Dec 28, 2016 DEA says Marijuana Extract & CBD are Schedule I Drugs – Virginia law on CBD and THC-A oil
The Drug Enforcement Administration (DEA) says that marijuana extract is a Schedule I controlled substance. Specifically, “marihuana extract” means “an extract containing one or more cannabinoids that has been derived from any plant of the genus Cannabis, other than the separated resin (whether crude or purified) obtained from the plant.” 81 FR 90194 (Dec. 14, 2018). This DEA amendment to 21 CFR § 1308.11 takes effect on January 13, 2017.
CBD — touted for treating seizures (see here, too), and for being antiemetic, anticonvulsant, antipsychotic, anti-inflammatory, anti-inflammatory, antioxidant, anti-tumor and antidepressant — has been characterized as non-psychoactive, as opposed to THC. Jahan Marcu, et al., suggest that it would perhaps “be better to say that CBD is ‘not psychoactive like THC [etrahydrocannabinol],’ rather than repeating the familiar and somewhat misleading refrain that ‘CBD is not psychoactive.'”
Whether or not the DEA’s foregoing December 14 announcement (“Announcement”) amounts to a restatement of its prior position or a new policy, the Announcement begs the question whether the DEA has the authority to classify marijuana extract as a schedule I drug.
For starters, although the Announcement references “one or more cannabinoids that has been derived from any plant of the genus Cannabis,” no federal statutory definition exists for cannabinoids nor cannabis. Instead, federal statutory law defines marijuana as follows:
“The term ‘marihuana’ means all parts of the plant Cannabis sativa L., whether growing or not; the seeds thereof; the resin extracted from any part of such plant; and every compound, manufacture, salt, derivative, mixture, or preparation of such plant, its seeds or resin. Such term does not include the mature stalks of such plant, fiber produced from such stalks, oil or cake made from the seeds of such plant, any other compound, manufacture, salt, derivative, mixture, or preparation of such mature stalks (except the resin extracted therefrom), fiber, oil, or cake, or the sterilized seed of such plant which is incapable of germination.” 21 U.S.C. § 802(16) (emphasis added).

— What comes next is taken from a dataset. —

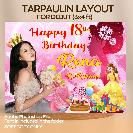 Tarpaulin layout for debut. File is Adobe Photoshop file.

Consequently, to what extent is the DEA — which is part of the Justice Department and thus a part of the executive branch of the federal government — legally permitted to go well beyond statutory language to classify substances as Schedule I controlled substances? Schedule 1 controlled substances are illegal to possess for any purpose. 21 U.S. Code § 812
The Hoban law firm in Colorado asserts that: “Cannabinoids are not illegal if they are derived from certain parts of the plant, and the Farm Bill expressly indicates that the entire plant is lawful, as set forth above.” The Hoban firm further addresses the DEA Announcement. On the other hand, former NORML director Jon Gettman believes the DEA has wide-ranging authority to regulate cannabis. However, see two paragraphs above for the statutory limitation on the definition of marijuana, whereby marijuana “does not include the mature stalks of such plant, fiber produced from such stalks, oil or cake made from the seeds of such plant…”
The DEA Announcement stands in contrast to Virginia state law, where the non-hash oil parts of the cannabis plant are not considered Schedule 1 drugs for purposes of Virginia criminal law. Va. Code § 18.2-247(D) (defining marijuana) and Va. Code § 54.1-3446 (listing hashish oil as a Schedule I controlled substance).
CBD is lawful in several states at the very least for physicians to recommend for one or more ailments. This includes Virginia, which in 2015 defined CBD and permitted physicians to recommend CBD oil and THC-A oil for intractable epilepsy. Va. Code § 54.1-3408.3. Virginia criminal law designates such physician-recommended CBD oil and THC-A oil possession as an affirmative defense. Va. Code § 18.2-250.1(C).
As much as the Obama administration disappointed in its marijuana enforcement actions, Donald Trump’s administration should be expected to be even more hostile to marijuana. After all the dizzying strides that the marijuana industry has made in Colorado and other states where marijuana has become lawful, and continued efforts to legalize domestic hemp production, the Trump administration’s marijuana policies may make federal litigation all the more necessary and extensive to sort out the federal government’s limits in regulating and prosecuting cannabis and hemp.